(Stored entries)
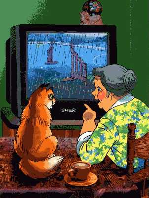 И вот посмотрите, какие иллюстрации. Привожу здесь три (с обложкой – четыре), но она вся насыщена ими. Как выразительны и Бейб, и Флай, вот мистер Хоггет разлегся на зеленом пригорке во всю свою длину, а вот говорливая миссис Хоггет в отсутствии собеседников обрушивает поток слов на кошку, а кошка ей внимает.
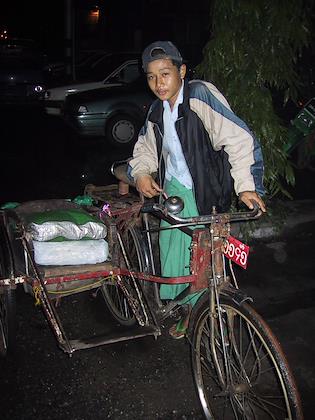 | Tutu's friend and I. I'm headed back to the hotel, in a trishaw. | | A closeup of the trishaw and driver at the hotel. |
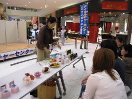 抽選券を配って、出来上がったブーケはプレゼント。体験も好評でした。
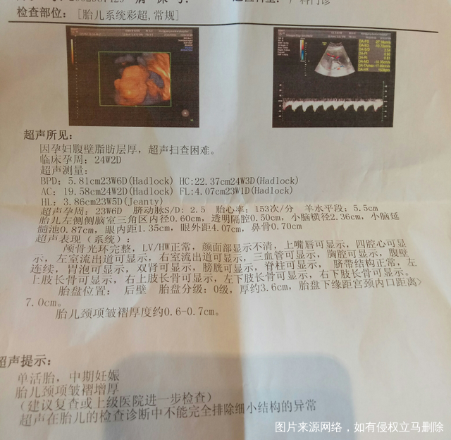 24周四维彩超显示胎儿颈项皱褶增厚0.6-0.7cm
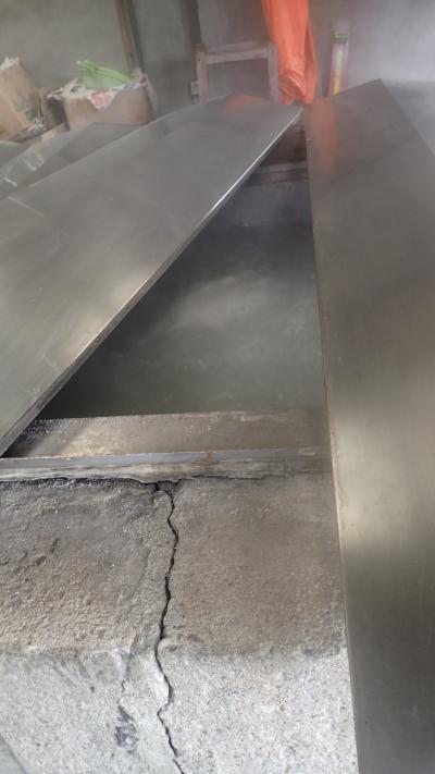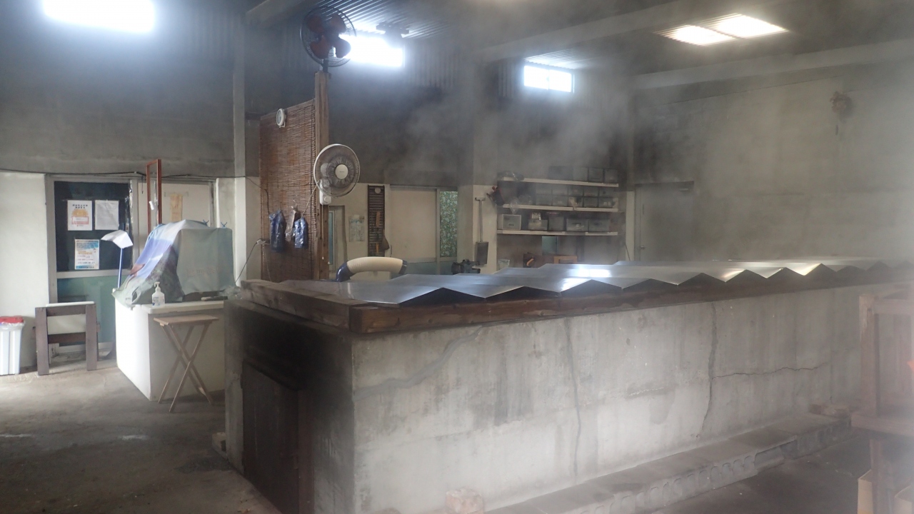 釜を焚いている海水の様子を見せてくれました。釜はガスではなく薪を焚いているとの事。夏に行きさらに釜付近では熱気ムンムン!
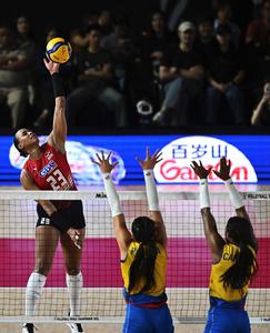 (250823) -- CHIANG MAI, 23 agosto, 2025 (Xinhua) -- Gaila Ceneida González López (i), de República Dominicana, clava el balón durante el partido del grupo F de la fase preliminar entre República Dominicana y Colombia, en el Campeonato Mundial de Voleibol Femenino, en Chiang Mai, Tailandia, el 23 de agosto de 2025. (Xinhua/Hou Zhaokang) (rtg) (da)
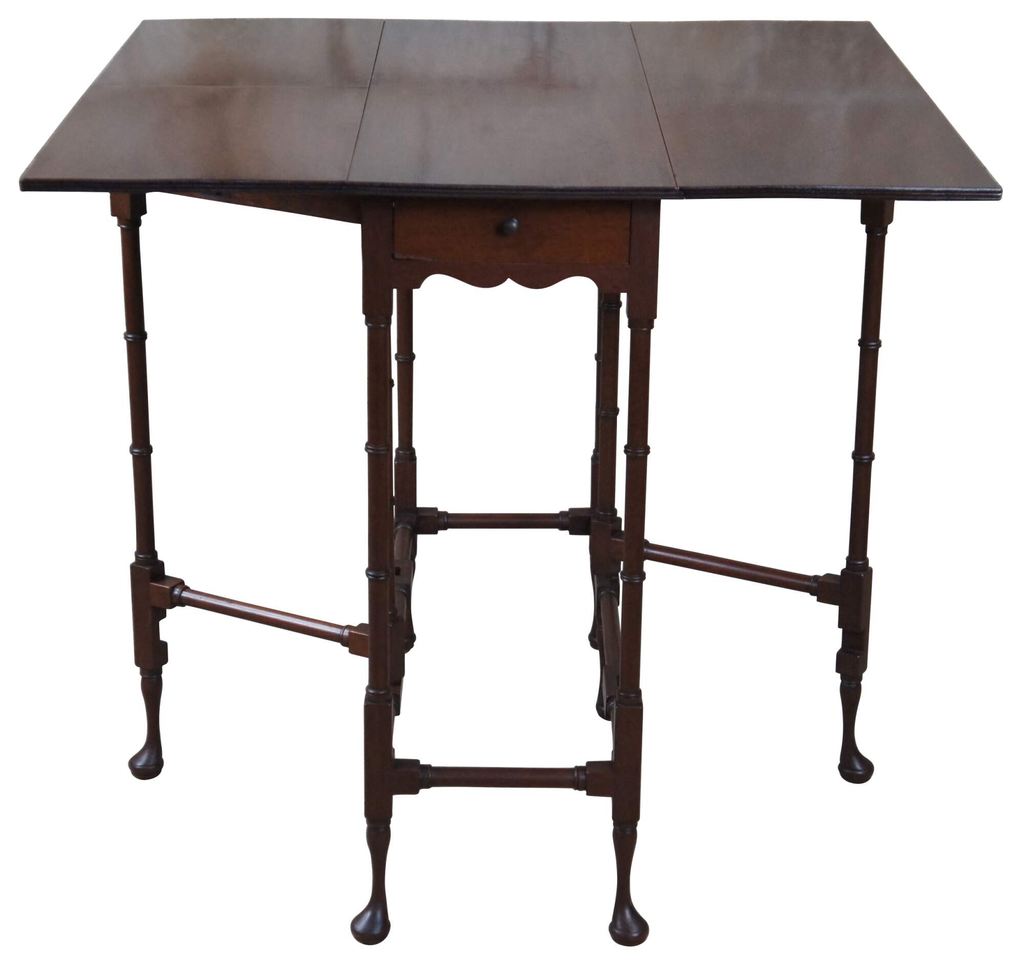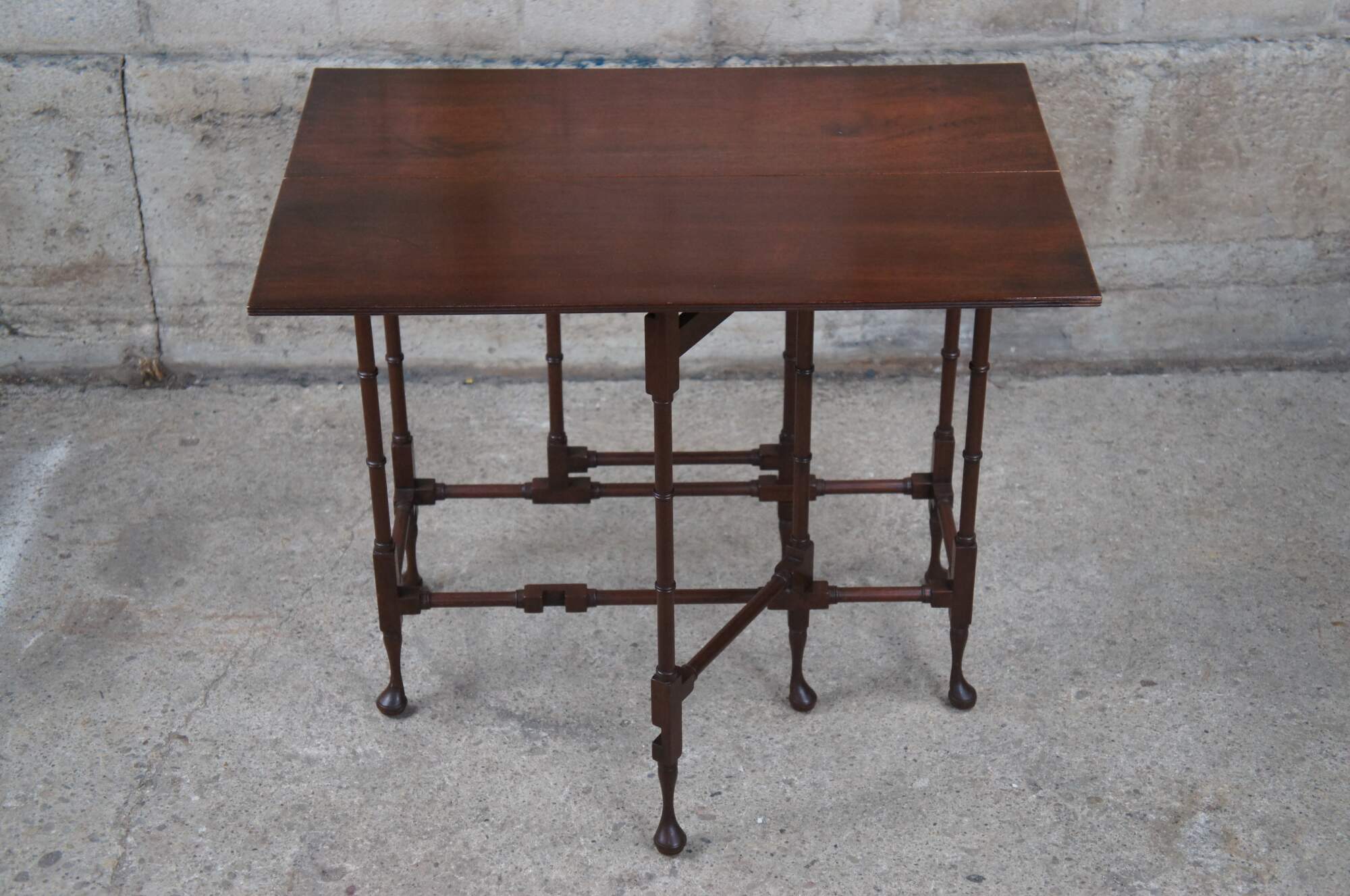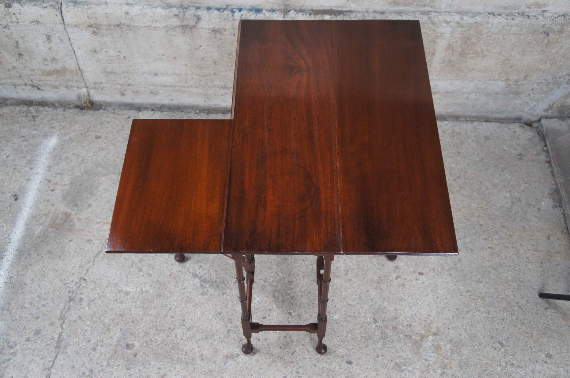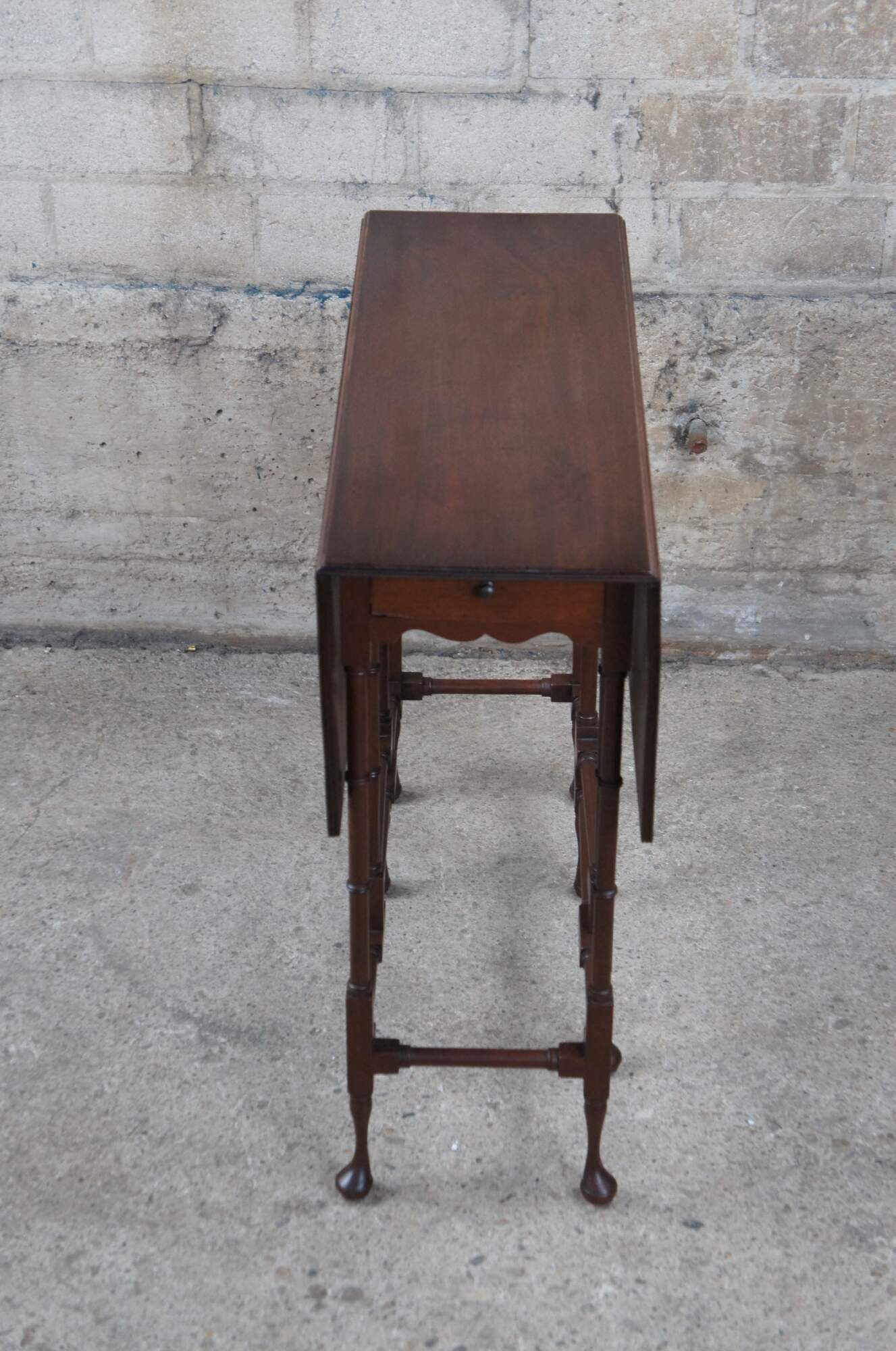 A classic and petite George III mahogany drop leaf side table from the legendary Chicago furniture maker, Quigley, circa 1940s. Features a long and slender form with central drawer, split drop leaf along one side and spider campaign style legs. Split leafs are a very rare find on dropleaf tables and allow for added versatility. Quigley Furniture Co. a maker of only custom furniture was the source of choice for designer Samuel Marx and architect David Adler, brother of Frances Elkins.

- [Try it] Provide an exact copy of only the lines from the beginning of the entries through the line containing "釜を焚いている海水の様子を見", both ends included, with no pictures.

- [Exercise solution]
 И вот посмотрите, какие иллюстрации. Привожу здесь три (с обложкой – четыре), но она вся насыщена ими. Как выразительны и Бейб, и Флай, вот мистер Хоггет разлегся на зеленом пригорке во всю свою длину, а вот говорливая миссис Хоггет в отсутствии собеседников обрушивает поток слов на кошку, а кошка ей внимает.
 | Tutu's friend and I. I'm headed back to the hotel, in a trishaw. | | A closeup of the trishaw and driver at the hotel. |
 抽選券を配って、出来上がったブーケはプレゼント。体験も好評でした。
 24周四维彩超显示胎儿颈项皱褶增厚0.6-0.7cm
 釜を焚いている海水の様子を見せてくれました。釜はガスではなく薪を焚いているとの事。夏に行きさらに釜付近では熱気ムンムン!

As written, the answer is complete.